The CDATA Attribute Type
As you've already seen, the CDATA data type stands for character data. Unlike parsed character data (PCDATA), which is assumed to have already been parsed, the character data in attribute values is read and parsed by the XML processor. Among other things, that means that you should avoid using the characters <, ", and & in CDATA attribute values because those characters look like markup. If you want to use those characters, you should use their predefined entity references (<, ", and &) instead because these entity references will be parsed and replaced with the corresponding characters.
You've already been using CDATA attributes, the most basic type of attributes, in examples, such as this one:
<?xml version = "1.0" encoding="UTF-8" standalone="yes"?> <!DOCTYPE document [ <!ELEMENT document (employee)*> <!ELEMENT employee (name, hiredate, projects)> <!ELEMENT name (lastname, firstname)> <!ELEMENT lastname (#PCDATA)> <!ELEMENT firstname (#PCDATA)> <!ELEMENT hiredate (#PCDATA)> <!ELEMENT projects (project)*> <!ELEMENT project (product, id, price)> <!ELEMENT product (#PCDATA)> <!ELEMENT id (#PCDATA)> <!ELEMENT price (#PCDATA)> <!ATTLIST employee supervisor CDATA #IMPLIED> ]> <document> <employee supervisor="no"> <name> <lastname>Kelly</lastname> <firstname>Grace</firstname> </name> . . . </document>
The CDATA type is the most general type of attribute. From this point on, however, you'll get into increasingly more specific types.
Enumerated Types
An attribute enumeration is just a list of possible values that an attribute can take. Each possible value must be a valid XML name. In the following example, the supervisor attribute has two possible values—"yes" and "no"—and a default value of "no":
<?xml version = "1.0" encoding="UTF-8" standalone="yes"?> <!DOCTYPE document [ <!ELEMENT document (employee)*> <!ELEMENT employee (name, hiredate, projects)> <!ELEMENT name (lastname, firstname)> <!ELEMENT lastname (#PCDATA)> <!ELEMENT firstname (#PCDATA)> <!ELEMENT hiredate (#PCDATA)> <!ELEMENT projects (project)*> <!ELEMENT project (product, id, price)> <!ELEMENT product (#PCDATA)> <!ELEMENT id (#PCDATA)> <!ELEMENT price (#PCDATA)> <!ATTLIST employee supervisor (yes | no) "no"> ]> <document> <employee supervisor="no"> <name> <lastname>Kelly</lastname> <firstname>Grace</firstname> </name> <hiredate>October 15, 2005</hiredate> </employee> . . . </document>
Using an enumeration is a good choice if you want to restrict an attribute to a set of allowed values. For example, if you have an attribute named month, you might want to allow only values such as "January", "February", "March", "April", and so on.
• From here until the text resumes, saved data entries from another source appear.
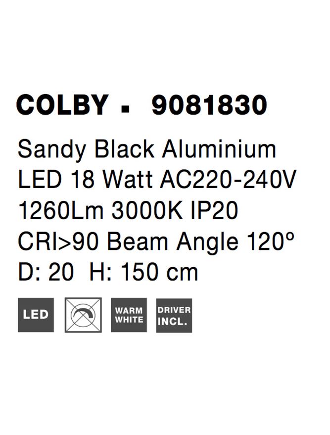 Sandy Black Aluminium LED 18 Watt AC220-240V 1260Lm 3000K IP20 D: 20 H: 150 cm
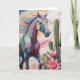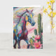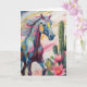 Un tableau abstrait moderne et vibrant représentant un cheval entouré de cactus et de succulents aux couleurs pastel douces. Le cheval est rendu avec des éclaboussures de couleur audacieuse, tandis que les plantes du désert sont peints avec un mélange de vert muet, de rose et de bleu. La fusion de formes organiques et de teintes vives crée une composition ludique mais apaisante, mêlant éléments naturels et atmosphère artistique contemporaine.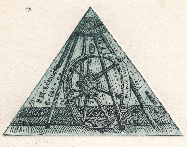 Editor: Woah. Talk about a mood! I’m getting a slightly menacing, occult vibe from this piece. Is it just me? Curator: Not at all. What we are looking at is titled “Theosophical Emblem with a Roaring Dog’s Head," a woodcut print produced around 1895 by the Dutch artist Mathieu Lauweriks. As the title suggests, the artist here dives into Theosophy, which became influential in the symbolism of this period. Editor: Symbolism—that makes sense. The dog's head really jumps out from the center, like some mythological beast staring you down. And those geometric shapes all around it—very art nouveau! Curator: Indeed. Lauweriks' exploration of geometric forms, specifically within a Theosophical framework, suggests a search for underlying universal principles, for harmonic design principles. We might also relate his print to broader fascinations of that era around esoteric and occult ideas, often used by artists and thinkers to contest the establishment and imagine new orders of meaning and expression. Editor: So, like, challenging the normal, the usual ways people saw the world, but through gnarly dogs? The mouth especially—there's this almost cartoonish exaggeration. Curator: You bring up an interesting point about that fierce, howling image, as though challenging a rational or empirical outlook, reclaiming older mythic traditions, or maybe channeling hidden subconscious drives through something as seemingly safe as… well, you know, a “dog." Editor: It kind of makes me wonder what kind of statement Lauweriks was trying to make by fusing that image and Theosophy? Was it something revolutionary, or more introspective? Curator: That’s an open question, still—a key point in any critical approach! I see him as responding to the cultural milieu while contributing to conversations about society and, crucially, the search for meaning through alternate frameworks that engage the spiritual but go far beyond organized religions. Editor: Well, I dig it, gnarly dogs and all! It’s a fantastic collision of ideas and images that, frankly, feels a little timeless even now. Curator: I agree; this intersection of personal angst, counter-cultural thought, design theory, and striking visual form resonates beyond the artwork's original time.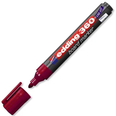 Маркер Edding 360 можно использовать на магнитно—маркерных досках, а также на флипчартах. Круглый наконечник. Пластиковый корпус. Толщина линии письма: 1.5–3 мм. Цвет: красный. Стирается сухой губкой. Чернила на спиртовой основе. Производство — Германия.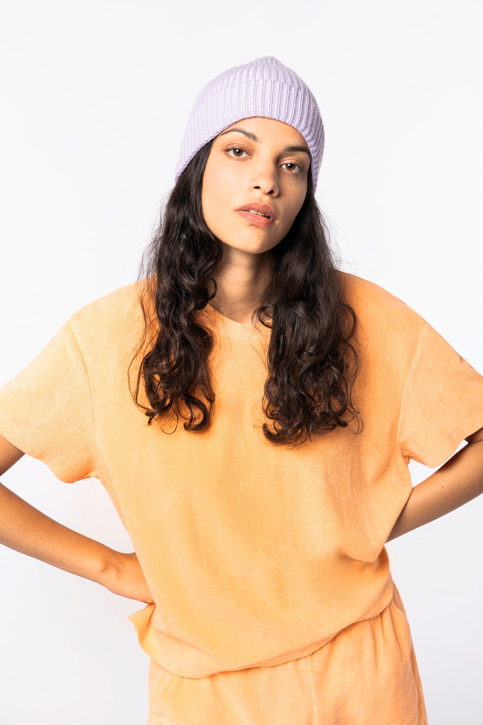 80% cotone biologico / 20% poliestere riciclato post-consumer.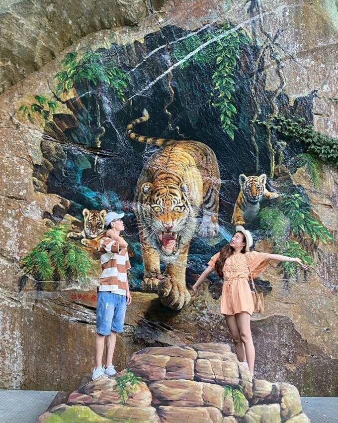 利用不同角度的視覺錯差,展現二度與三度空間激盪的3D立體虛實藝術。讓你零距離與兇猛可怕的老虎拍照,或是安穩地站在澎湃急促的川流拍照喔!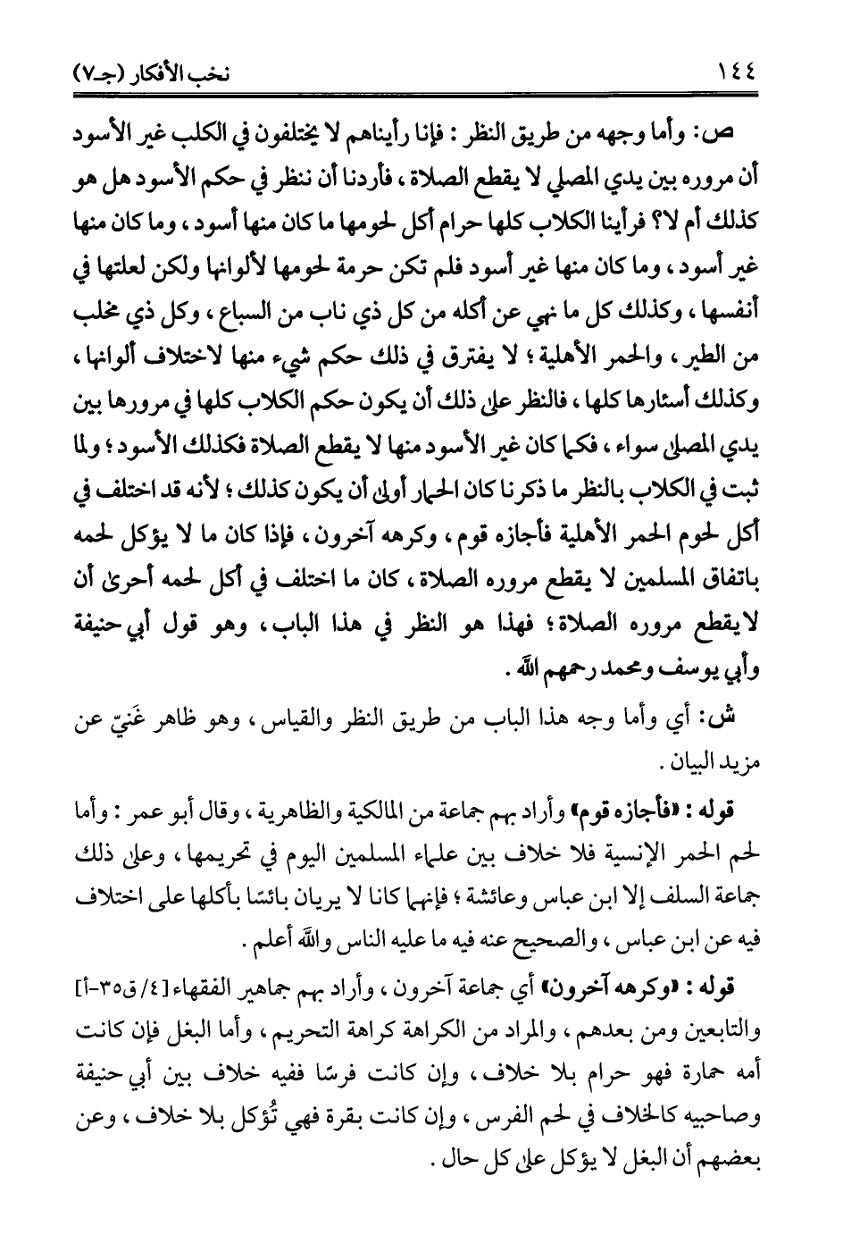 ص: وأما وجهه من طريق النظر: فإنا رأيناهم لا يختلفون في الكلب غير الأسود أن مروره بين يدي المصلي لا يقطع الصلاة، فأردنا أن ننظر في حكم الأسود هل هو كذلك أم لا؟ فرأينا الكلاب كلها حرام أكل لحومها ما كان منها أسود، وما كان منها غير أسود، وما كان منها غير أسود فلم تكن حرمة لحومها لألوانها ولكن لعلتها في أنفسها، وكذلك كل ما نهي عن أكله من كل ذي ناب من السباع، وكل ذي مخلب من الطير، والحمر الأهلية؛ لا يفترق في ذلك حكم شيء منها لاختلاف ألوانها، وكذلك أسئارها كلها، فالنظر على ذلك أن يكون حكم الكلاب كلها في مرورها بين يدي المصلى سواء، فكما كان غير الأسود منها لا يقطع الصلاة فكذلك الأسود؛ ولما ثبت في الكلاب بالنظر ما ذكرنا كان الحمار أولى أن يكون كذلك؛ لأنه قد اختلف في أكل لحوم الحمر الأهلية فأجازه قوم، وكرهه آخرون، فإذا كان ما لا يؤكل لحمه باتفاق المسلمين لا يقطع مروره الصلاة، كان ما اختلف في كل لحمه أحرى أن لا يقطع مروره الصلاة؛ فهذا هو النظر في هذا الباب، وهو قول أبي حنيفة وأبي يوسف ومحمد رحمهم الله.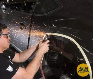 第二种宽体改造方式是“外抛钣金件”,这里指的是——玩家利用原厂车型的翼子板进行加工作业。首先,根据车主对宽体造型、外抛程度的需求,在原厂的翼子板切割出不同数量、不同长度的缺口,这样就能使得金属钣件有了空间的延展性,再以焊条与乙炔,将缺口补平并打磨焊点,这样就增加了钣件的面积,从而达到宽体改造的要求。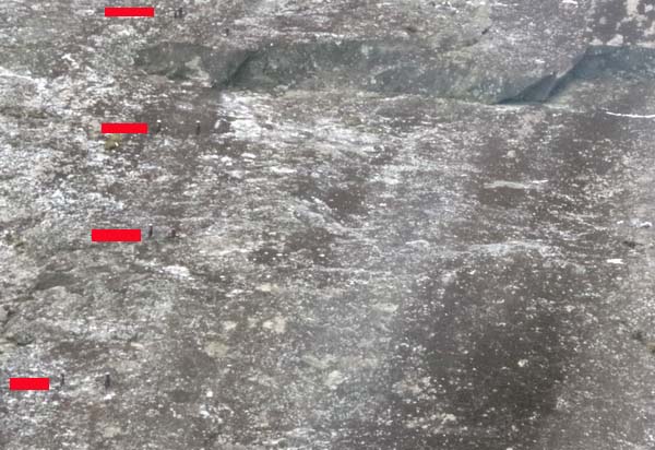 画像調整しつつ見ていたら前衛壁に打たれている登攀用ボルトが見えたことだ。取り損ねだが、返って正常画像よりは岩壁中の異物の輪郭をクッキリとさせたように思う。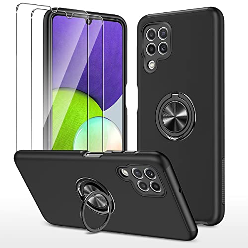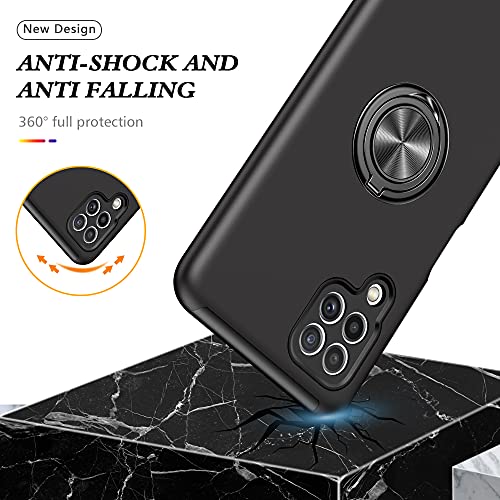 Holilo Cover +【2 Pezzi】 Vetro Temperato Pellicola per Samsung Galaxy A22 4G, 【TPU + PC】Metallo Rotante a 360° Supporto Anti graffio Anti impronte digitali Minimalista Custodia - Nero

The NMTOKEN Attribute Type
The attribute type NMTOKEN stands for name token, and it lets you assign to an attribute any value made up of legal XML name characters. Attributes of this type can only take values that are made up of characters that can be used in legal XML names (this excludes the restrictions that beginning characters in names must obey, such as no numbers, periods, and so on). For example, in XML 1.0, NMTOKEN characters are letters, digits, hyphens, underscores, colons, and periods. (Note that NMTOKEN characters cannot include whitespace.) In XML 1.1, the characters are the same as in XML 1.0, except for the differences in the characters that are considered legal, as discussed on Day 2, "Creating XML Documents."
In other words, the idea behind the NMTOKEN type is to let you use any standard nonwhitespace character in attributes. The following example adds a state attribute of the NMTOKEN type to hold a two-letter state abbreviation:
<?xml version = "1.0" encoding="UTF-8" standalone="yes"?> <!DOCTYPE document [ <!ELEMENT document (employee)*> <!ELEMENT employee (name, hiredate, projects)> <!ELEMENT name (lastname, firstname)> <!ELEMENT lastname (#PCDATA)> <!ELEMENT firstname (#PCDATA)> <!ELEMENT hiredate (#PCDATA)> <!ELEMENT projects (project)*> <!ELEMENT project (product, id, price)> <!ELEMENT product (#PCDATA)> <!ELEMENT id (#PCDATA)> <!ELEMENT price (#PCDATA)> <!ATTLIST employee state NMTOKEN #REQUIRED> ]> <document> <employee state="NY"> <name> <lastname>Kelly</lastname> <firstname>Grace</firstname> </name> <hiredate>October 15, 2005</hiredate> <projects> . . . </employee> </document>
The NMTOKENS Attribute Type
The preceding section describes the NMTOKEN attribute type—so what's NMTOKENS? You can use the NMTOKENS attribute type when you want to list multiple values made up of NMTOKEN values, separated by whitespace. The following example allows whitespace in attribute values because you want to store the first and last names of supervisors, making supervisors a required NMTOKENS attribute:
?xml version = "1.0" encoding="UTF-8" standalone="yes"?> <!DOCTYPE document [ <!ELEMENT document (employee)*> <!ELEMENT employee (name, hiredate, projects)> <!ELEMENT name (lastname, firstname)> <!ELEMENT lastname (#PCDATA)> <!ELEMENT firstname (#PCDATA)> <!ELEMENT hiredate (#PCDATA)> <!ELEMENT projects (project)*> <!ELEMENT project (product, id, price)> <!ELEMENT product (#PCDATA)> <!ELEMENT id (#PCDATA)> <!ELEMENT price (#PCDATA)> <!ATTLIST employee supervisor NMTOKENS #REQUIRED> ]> <document> <employee supervisor="Tom Brown"> <name> <lastname>Kelly</lastname> <firstname>Grace</firstname> </name> <hiredate>October 15, 2005</hiredate> . . . </employee> </document>
The ID Attribute Type
An important attribute type is the ID type. There's a special meaning to an element's ID value because sometimes XML processors use an ID attribute to identify an element. (They don't have to, but some XML processors pass on ID values of XML elements to underlying software.) Therefore, XML processors are supposed to make sure that no two elements have the same value for the attribute that is of the type ID in a document; in addition, you can give an element only one attribute of this type.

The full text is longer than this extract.